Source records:
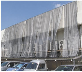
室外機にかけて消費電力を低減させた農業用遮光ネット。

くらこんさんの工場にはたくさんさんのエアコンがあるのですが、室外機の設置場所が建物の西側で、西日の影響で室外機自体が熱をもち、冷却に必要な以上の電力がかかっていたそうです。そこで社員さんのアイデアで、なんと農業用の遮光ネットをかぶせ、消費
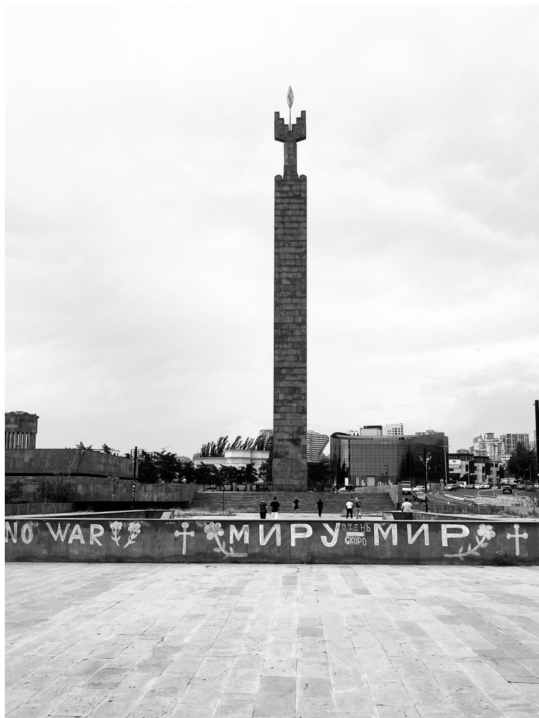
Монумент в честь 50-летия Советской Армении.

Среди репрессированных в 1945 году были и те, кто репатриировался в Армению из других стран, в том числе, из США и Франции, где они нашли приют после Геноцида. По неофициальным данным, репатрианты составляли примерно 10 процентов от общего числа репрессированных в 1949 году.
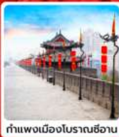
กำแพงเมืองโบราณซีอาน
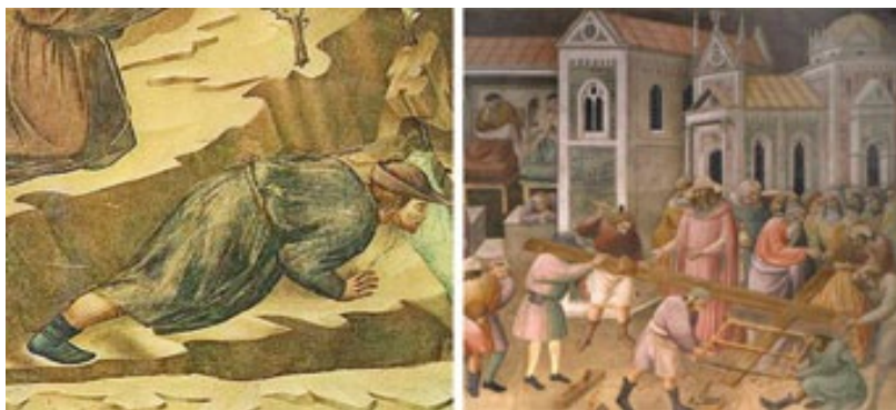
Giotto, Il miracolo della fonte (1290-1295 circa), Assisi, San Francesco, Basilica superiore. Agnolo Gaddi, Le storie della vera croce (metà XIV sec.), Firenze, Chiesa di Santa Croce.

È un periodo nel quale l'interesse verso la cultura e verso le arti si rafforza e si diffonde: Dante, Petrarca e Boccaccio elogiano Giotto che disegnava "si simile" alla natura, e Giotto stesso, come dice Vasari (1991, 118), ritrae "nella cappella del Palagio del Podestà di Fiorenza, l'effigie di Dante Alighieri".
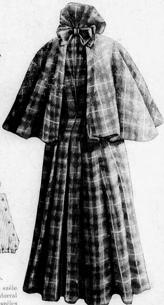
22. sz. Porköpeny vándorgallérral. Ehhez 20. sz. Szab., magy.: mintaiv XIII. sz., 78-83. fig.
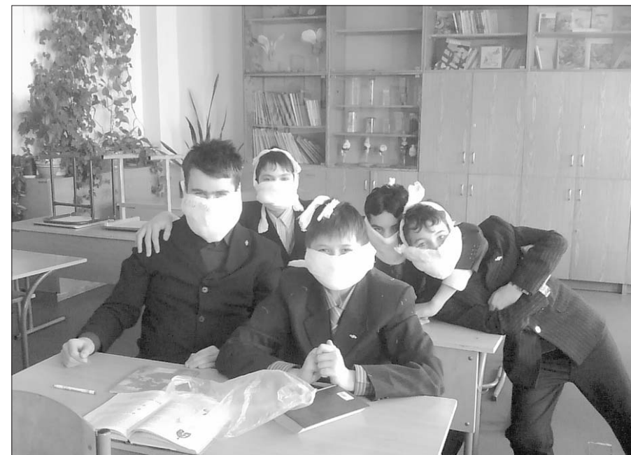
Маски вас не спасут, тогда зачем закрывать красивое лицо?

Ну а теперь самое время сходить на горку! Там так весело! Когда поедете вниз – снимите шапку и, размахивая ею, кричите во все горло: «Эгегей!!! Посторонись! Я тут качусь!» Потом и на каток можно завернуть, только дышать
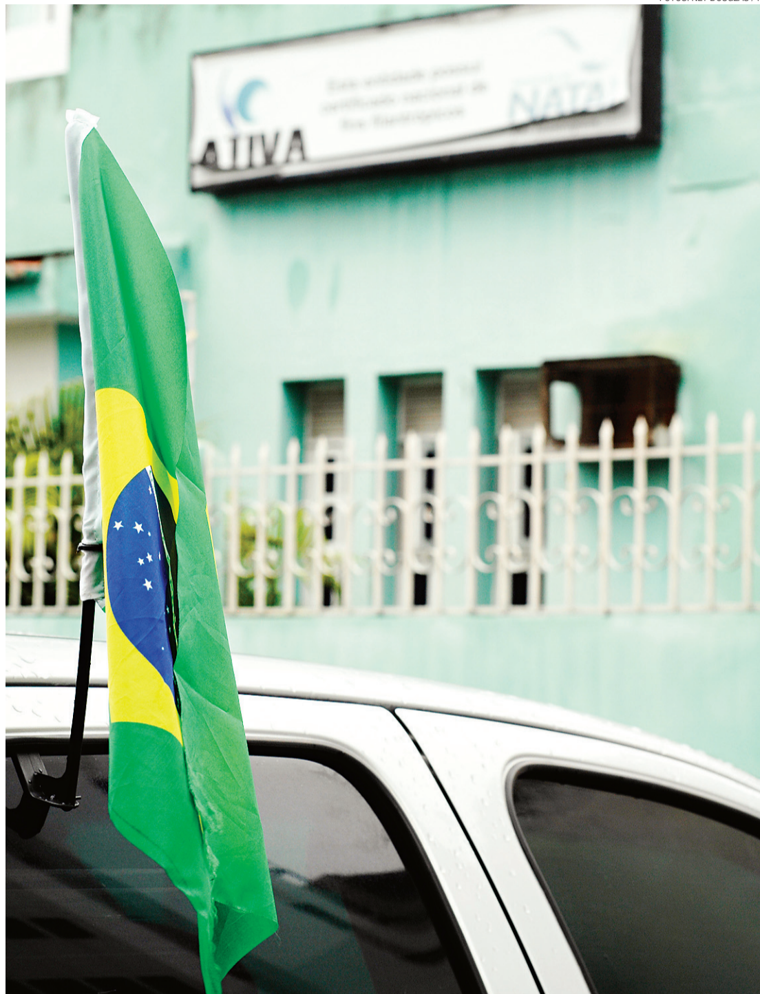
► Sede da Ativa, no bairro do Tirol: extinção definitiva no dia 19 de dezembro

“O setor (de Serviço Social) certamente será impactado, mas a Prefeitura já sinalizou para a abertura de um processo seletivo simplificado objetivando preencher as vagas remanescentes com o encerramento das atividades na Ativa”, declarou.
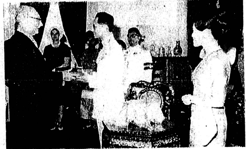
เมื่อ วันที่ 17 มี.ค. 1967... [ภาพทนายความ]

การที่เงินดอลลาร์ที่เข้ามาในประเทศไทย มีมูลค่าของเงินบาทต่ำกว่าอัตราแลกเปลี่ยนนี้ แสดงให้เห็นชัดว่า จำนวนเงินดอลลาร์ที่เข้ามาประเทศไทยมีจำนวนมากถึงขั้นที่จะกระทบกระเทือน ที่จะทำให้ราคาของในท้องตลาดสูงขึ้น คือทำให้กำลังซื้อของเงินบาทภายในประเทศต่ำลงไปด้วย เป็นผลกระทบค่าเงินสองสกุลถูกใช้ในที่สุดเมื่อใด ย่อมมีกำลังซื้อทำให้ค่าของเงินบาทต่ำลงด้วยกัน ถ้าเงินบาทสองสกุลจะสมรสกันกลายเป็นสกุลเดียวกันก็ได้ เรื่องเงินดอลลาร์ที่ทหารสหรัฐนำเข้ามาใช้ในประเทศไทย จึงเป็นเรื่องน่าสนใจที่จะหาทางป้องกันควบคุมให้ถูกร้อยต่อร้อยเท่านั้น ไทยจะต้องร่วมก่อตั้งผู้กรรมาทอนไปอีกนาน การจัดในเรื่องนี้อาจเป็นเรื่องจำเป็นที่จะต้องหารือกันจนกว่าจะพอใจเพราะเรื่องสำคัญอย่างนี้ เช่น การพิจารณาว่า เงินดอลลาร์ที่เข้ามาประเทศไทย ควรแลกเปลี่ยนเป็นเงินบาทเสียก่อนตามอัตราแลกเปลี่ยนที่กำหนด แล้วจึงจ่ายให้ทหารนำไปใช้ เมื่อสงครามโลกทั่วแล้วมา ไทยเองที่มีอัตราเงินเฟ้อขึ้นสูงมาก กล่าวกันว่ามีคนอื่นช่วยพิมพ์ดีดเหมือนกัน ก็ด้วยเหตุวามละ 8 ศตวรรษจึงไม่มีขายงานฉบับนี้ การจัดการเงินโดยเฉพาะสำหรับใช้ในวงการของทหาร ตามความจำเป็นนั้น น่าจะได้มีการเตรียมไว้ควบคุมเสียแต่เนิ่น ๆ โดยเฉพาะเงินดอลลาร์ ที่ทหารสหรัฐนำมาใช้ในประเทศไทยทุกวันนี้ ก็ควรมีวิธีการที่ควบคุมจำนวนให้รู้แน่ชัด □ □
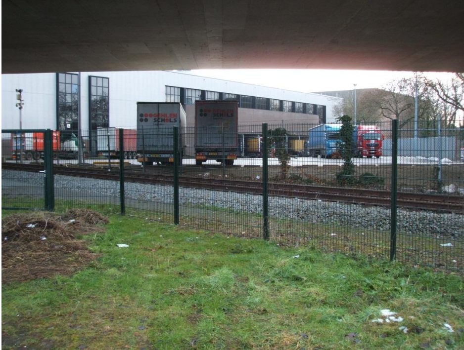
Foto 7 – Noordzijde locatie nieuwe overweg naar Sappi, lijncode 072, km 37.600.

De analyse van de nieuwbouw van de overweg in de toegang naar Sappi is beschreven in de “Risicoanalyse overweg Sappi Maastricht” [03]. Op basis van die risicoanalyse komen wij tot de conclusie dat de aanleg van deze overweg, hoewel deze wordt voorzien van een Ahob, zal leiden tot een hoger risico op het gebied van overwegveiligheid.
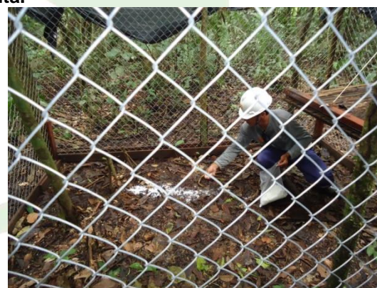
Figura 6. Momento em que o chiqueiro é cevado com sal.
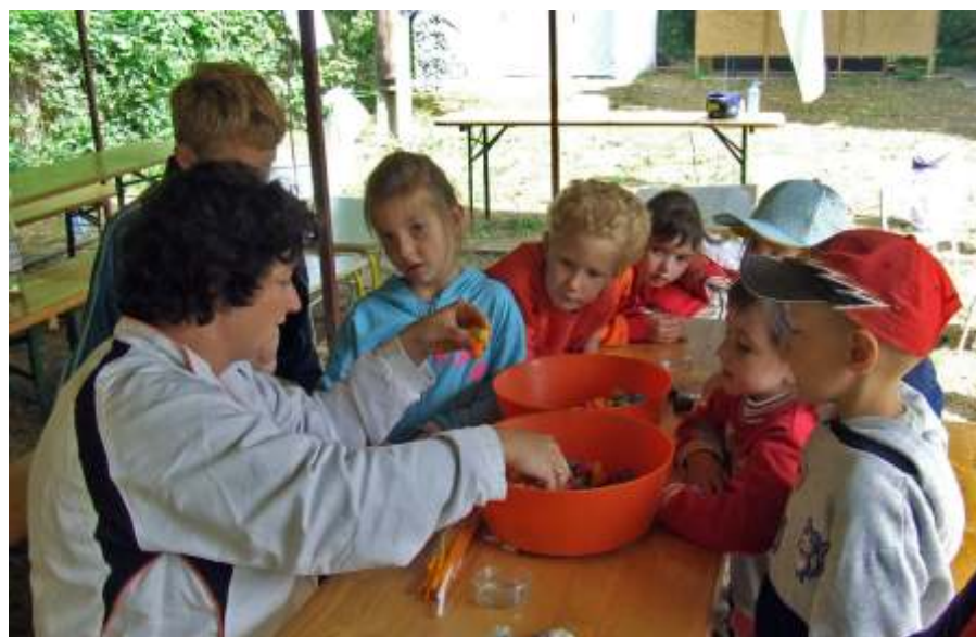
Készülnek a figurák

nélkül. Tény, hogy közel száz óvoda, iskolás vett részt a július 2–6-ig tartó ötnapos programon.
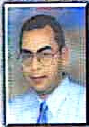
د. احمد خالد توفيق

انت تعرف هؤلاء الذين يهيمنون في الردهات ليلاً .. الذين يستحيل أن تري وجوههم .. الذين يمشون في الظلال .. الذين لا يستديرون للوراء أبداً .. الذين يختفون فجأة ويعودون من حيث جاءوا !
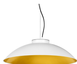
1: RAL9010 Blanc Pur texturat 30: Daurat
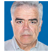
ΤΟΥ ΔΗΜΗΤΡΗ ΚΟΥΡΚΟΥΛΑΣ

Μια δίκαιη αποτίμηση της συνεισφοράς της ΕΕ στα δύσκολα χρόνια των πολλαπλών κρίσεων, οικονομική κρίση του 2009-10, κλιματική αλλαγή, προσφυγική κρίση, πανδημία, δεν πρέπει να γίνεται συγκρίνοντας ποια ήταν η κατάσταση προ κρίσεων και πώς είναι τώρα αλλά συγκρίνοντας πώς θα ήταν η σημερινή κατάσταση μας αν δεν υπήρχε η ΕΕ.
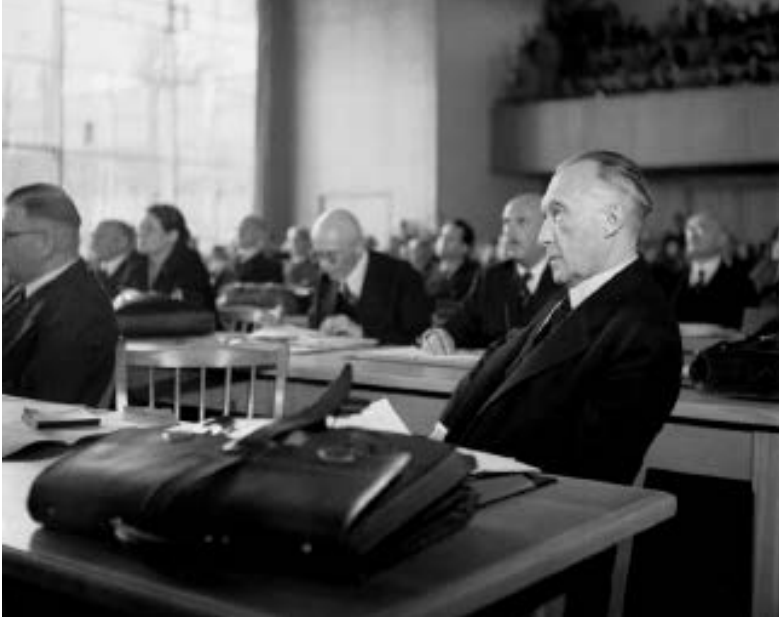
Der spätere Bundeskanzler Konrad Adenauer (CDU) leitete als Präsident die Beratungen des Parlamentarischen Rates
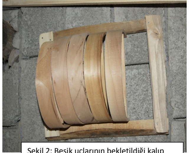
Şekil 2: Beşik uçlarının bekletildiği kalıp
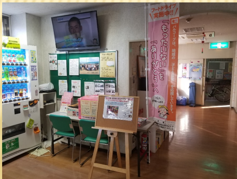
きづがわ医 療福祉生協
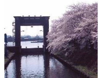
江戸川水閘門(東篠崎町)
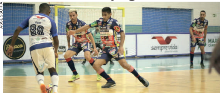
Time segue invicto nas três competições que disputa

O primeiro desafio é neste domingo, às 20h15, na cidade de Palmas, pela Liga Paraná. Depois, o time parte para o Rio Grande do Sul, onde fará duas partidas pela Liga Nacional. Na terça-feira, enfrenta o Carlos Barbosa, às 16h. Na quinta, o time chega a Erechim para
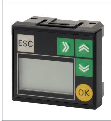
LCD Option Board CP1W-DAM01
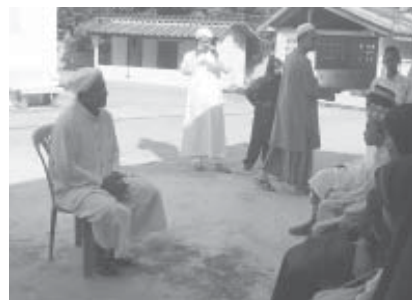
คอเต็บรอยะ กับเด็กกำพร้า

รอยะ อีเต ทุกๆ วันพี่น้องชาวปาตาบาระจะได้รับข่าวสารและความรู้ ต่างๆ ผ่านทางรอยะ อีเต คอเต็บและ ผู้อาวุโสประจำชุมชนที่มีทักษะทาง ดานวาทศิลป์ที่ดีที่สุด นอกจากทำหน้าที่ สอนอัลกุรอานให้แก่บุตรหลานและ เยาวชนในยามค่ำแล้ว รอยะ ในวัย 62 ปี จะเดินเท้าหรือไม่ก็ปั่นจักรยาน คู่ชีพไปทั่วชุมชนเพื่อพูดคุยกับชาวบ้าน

## Exercise brief
In the data above, retype only the stretch from the line with "Figura 6. Momento" through the line with "Μια δίκαιη αποτίμηση", word for word, and skip any pictures.

## Final answer
Figura 6. Momento em que o chiqueiro é cevado com sal.
Készülnek a figurák

nélkül. Tény, hogy közel száz óvoda, iskolás vett részt a július 2–6-ig tartó ötnapos programon.
د. احمد خالد توفيق

انت تعرف هؤلاء الذين يهيمنون في الردهات ليلاً .. الذين يستحيل أن تري وجوههم .. الذين يمشون في الظلال .. الذين لا يستديرون للوراء أبداً .. الذين يختفون فجأة ويعودون من حيث جاءوا !
1: RAL9010 Blanc Pur texturat 30: Daurat
ΤΟΥ ΔΗΜΗΤΡΗ ΚΟΥΡΚΟΥΛΑΣ

Μια δίκαιη αποτίμηση της συνεισφοράς της ΕΕ στα δύσκολα χρόνια των πολλαπλών κρίσεων, οικονομική κρίση του 2009-10, κλιματική αλλαγή, προσφυγική κρίση, πανδημία, δεν πρέπει να γίνεται συγκρίνοντας ποια ήταν η κατάσταση προ κρίσεων και πώς είναι τώρα αλλά συγκρίνοντας πώς θα ήταν η σημερινή κατάσταση μας αν δεν υπήρχε η ΕΕ.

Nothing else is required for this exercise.